Further details in relation to Overseas Shareholders are included in the Offer
Document and IDS Shareholders are advised to read carefully the Offer
Document.

The Acquisition will be subject to English law, the applicable requirements of
the Companies Act, the Takeover Code, the Panel, the FCA and the London Stock
Exchange and applicable securities law.

Note to U.S. holders of IDS Shares

The Offer is being made for the securities of an English company that is
listed on the London Stock Exchange by means of a contractual takeover offer
under the Takeover Code and English law and is subject to disclosure
requirements and practices that are different, in some cases materially, from
the tender offer rules of the United States.
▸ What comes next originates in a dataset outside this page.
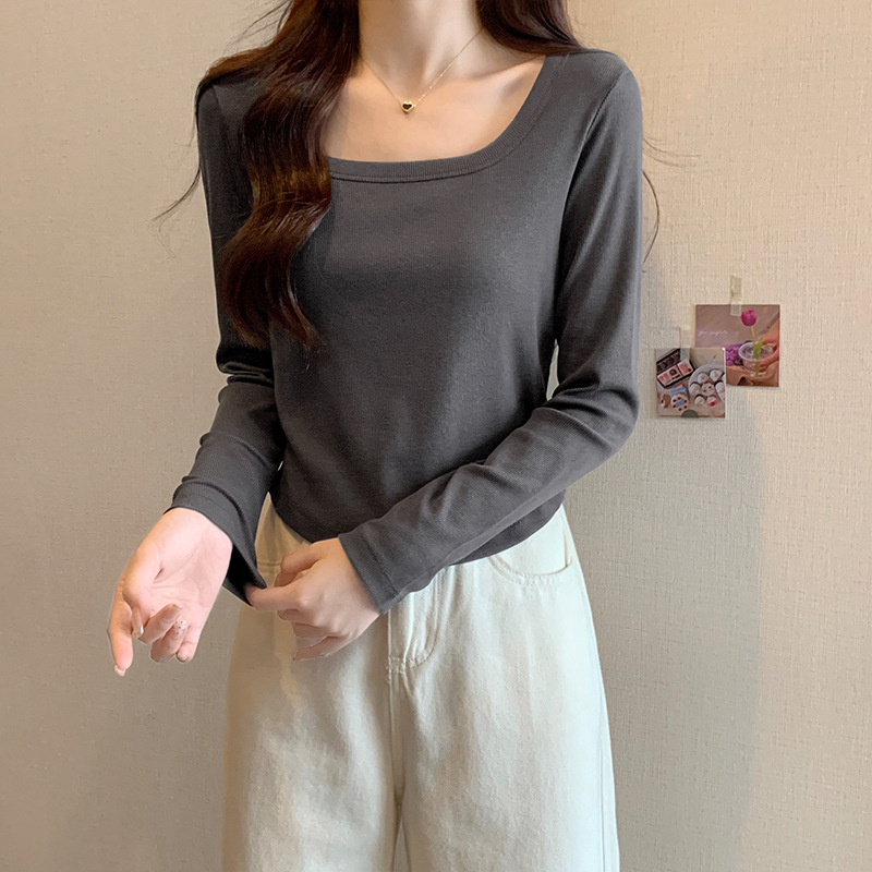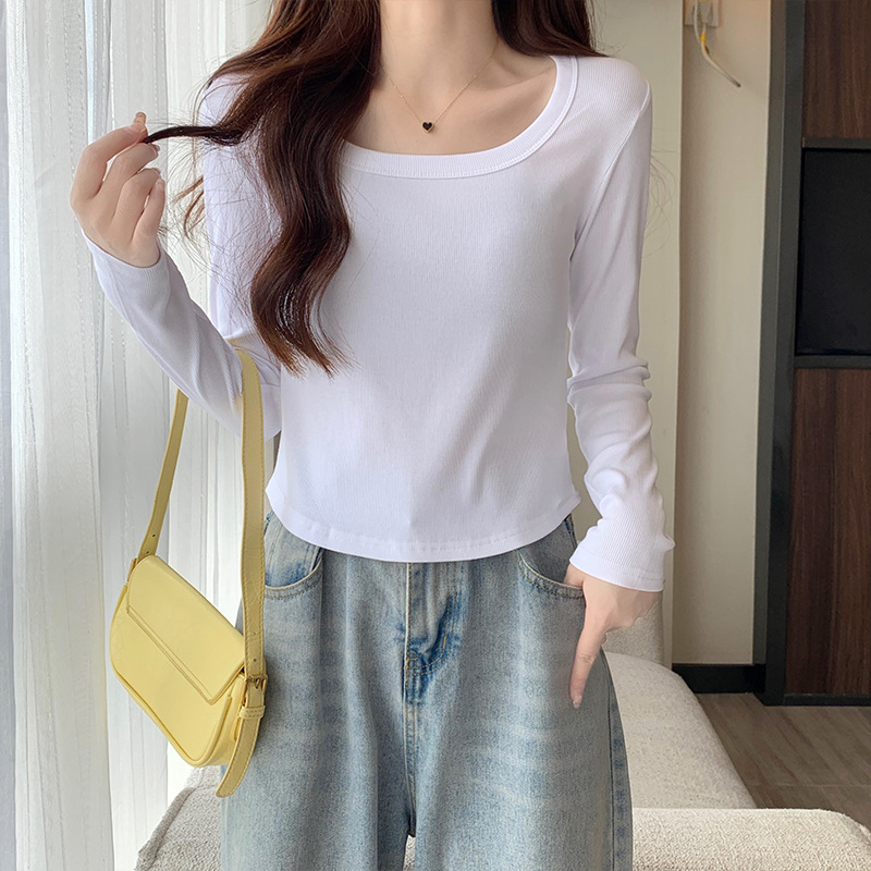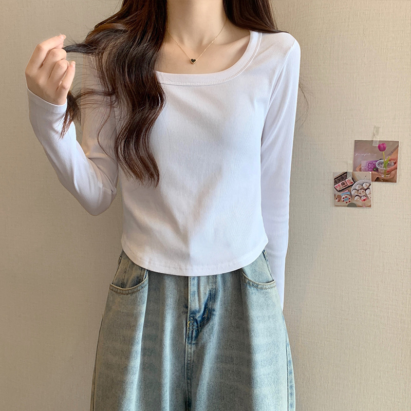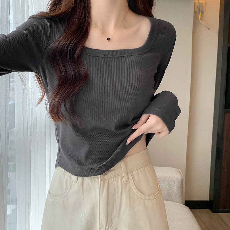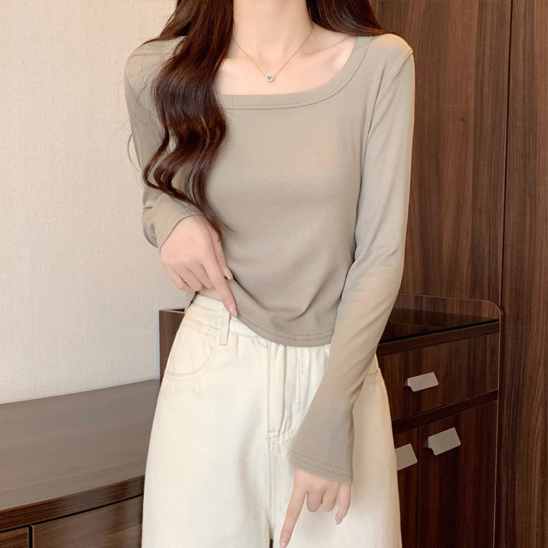 JMA-343 实拍 不规则正肩长袖t恤女2023秋季修身短款方领显瘦纯色内搭上衣

The financial information
included in the Offer Document has been prepared in accordance with accounting
standards applicable in the United Kingdom and thus may not be comparable to
financial information of U.S. companies or companies whose financial
statements are prepared in accordance with generally accepted accounting
principles in the United States.

For U.S. holders of IDS Shares, the receipt of cash pursuant to the terms of
the Acquisition as consideration for the transfer of their IDS Shares, may be
treated as a taxable transaction for U.S. federal income tax purposes and
under applicable U.S. state and local, as well as foreign and other, tax laws.
The receipt of the 2024 Final Dividend and the Special Dividend may also give
rise to taxable income. Each holder of IDS Shares is urged to consult with its
own legal, tax and financial advisers in connection with making a decision
regarding this transaction and as to the U.S. federal, and applicable U.S.
state, local, and foreign, tax consequences to it of the transaction
contemplated hereby in light of such holders' specific circumstances.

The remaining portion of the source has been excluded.